» Required work
In the entries below, print exactly the lines from the first through the one with "- 取組開始時(平成27年度", both included, and none of the pictures.
########################################
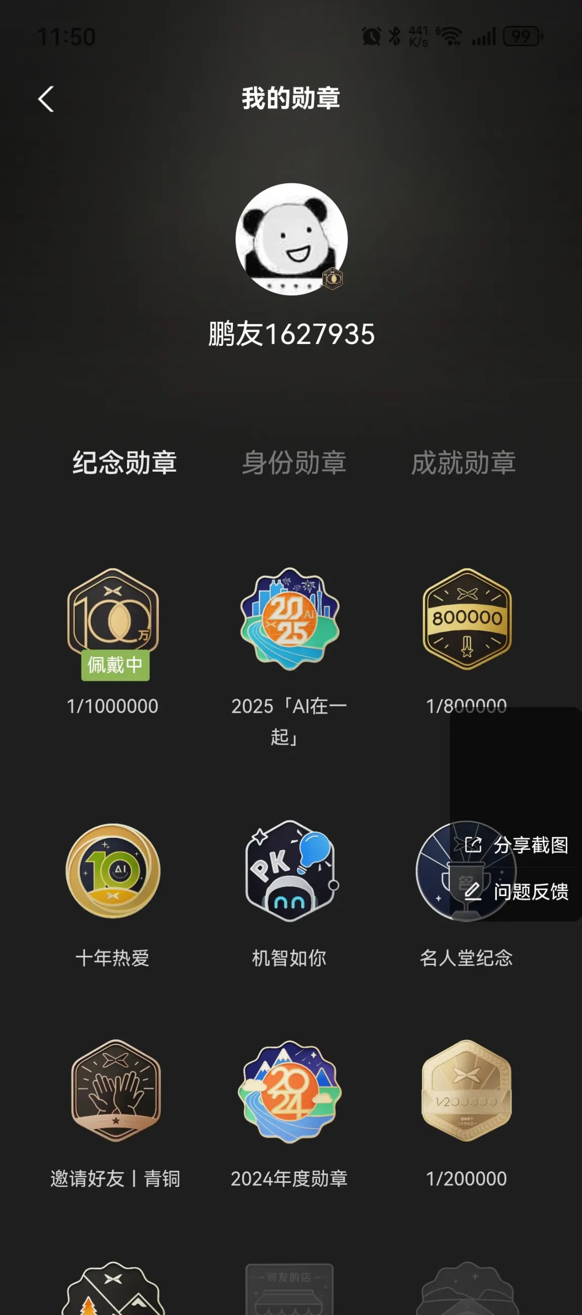 还有「十年热爱」勋章,陪着小鹏走过十年智能出行路,从初代车型到如今的全场景智驾,这份热爱从未褪色;2024、2025年度勋章,记录着我和小鹏一起走过的每一年;「秋日鉴赏家」「邀请好友|青铜」这些限定款,也都是社区活动里满满的回忆杀~
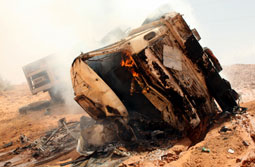 لقي شخص يبلغ من العمر 45 عاماً حتفه متفحماً وأصيب آخر بإصابات مختلفة في حادث مروري وقع ظهر أمس الأول بين شاحنتين على طريق الزلفي القصيم، ونتج عن الحادث تلفيات جسيمة في السيارتين وباشر الحادث مدير شعبة مرور الزلفي المقدم زيد بن محمد السديري والرقيب فهد الوزان وفرقة الشرطه وفرقة الدفاع المدني وفرقة هيئة الهلال الأحمر السعودي.
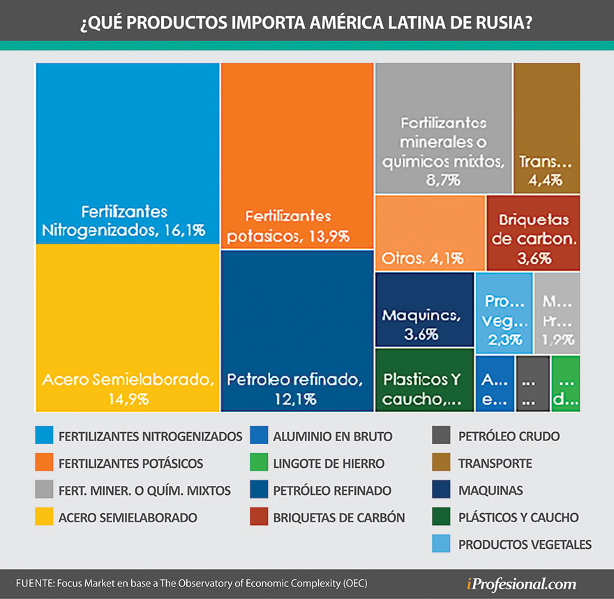Bajo esta perspectiva, la situación también es compleja. Respecto del intercambio comercial no sólo de Latinoamérica (importa principalmente productos químicos como un 16, 1% en fertilizantes nitrogenados hasta metales como un 14% de acero semi-elaborado), sino para la Argentina también hay consecuencias complicadas.
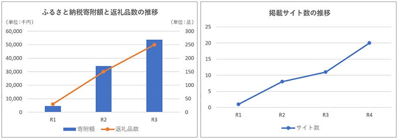 - 取組開始時(平成27年度)はふるさと納税サイトへの掲載がわずか1サイト。当社の自動連携システムにより8年間で10サイトに拡大し、寄附額も右肩上がり。
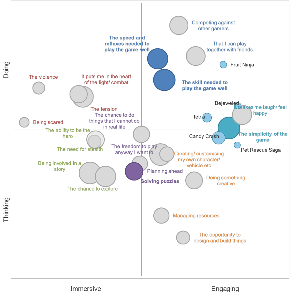 We have identified families of games that deliver the same enjoyment in play. For example; the Simple Puzzles cluster includes games like Fruit Ninja, Bejewelled, Tetris, Candy Crush and Pet Rescue. These games all deliver enjoyment through their simplicity of game play, and the skills and reflexes needed to play the games well.
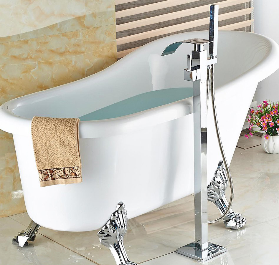 Для отдельно стоящих ванн нередко выбирают напольные приборы, представляющие собой колонну с изливом и ручным душем.
########################################
» Output below
 还有「十年热爱」勋章,陪着小鹏走过十年智能出行路,从初代车型到如今的全场景智驾,这份热爱从未褪色;2024、2025年度勋章,记录着我和小鹏一起走过的每一年;「秋日鉴赏家」「邀请好友|青铜」这些限定款,也都是社区活动里满满的回忆杀~
 لقي شخص يبلغ من العمر 45 عاماً حتفه متفحماً وأصيب آخر بإصابات مختلفة في حادث مروري وقع ظهر أمس الأول بين شاحنتين على طريق الزلفي القصيم، ونتج عن الحادث تلفيات جسيمة في السيارتين وباشر الحادث مدير شعبة مرور الزلفي المقدم زيد بن محمد السديري والرقيب فهد الوزان وفرقة الشرطه وفرقة الدفاع المدني وفرقة هيئة الهلال الأحمر السعودي.
Bajo esta perspectiva, la situación también es compleja. Respecto del intercambio comercial no sólo de Latinoamérica (importa principalmente productos químicos como un 16, 1% en fertilizantes nitrogenados hasta metales como un 14% de acero semi-elaborado), sino para la Argentina también hay consecuencias complicadas.
 - 取組開始時(平成27年度)はふるさと納税サイトへの掲載がわずか1サイト。当社の自動連携システムにより8年間で10サイトに拡大し、寄附額も右肩上がり。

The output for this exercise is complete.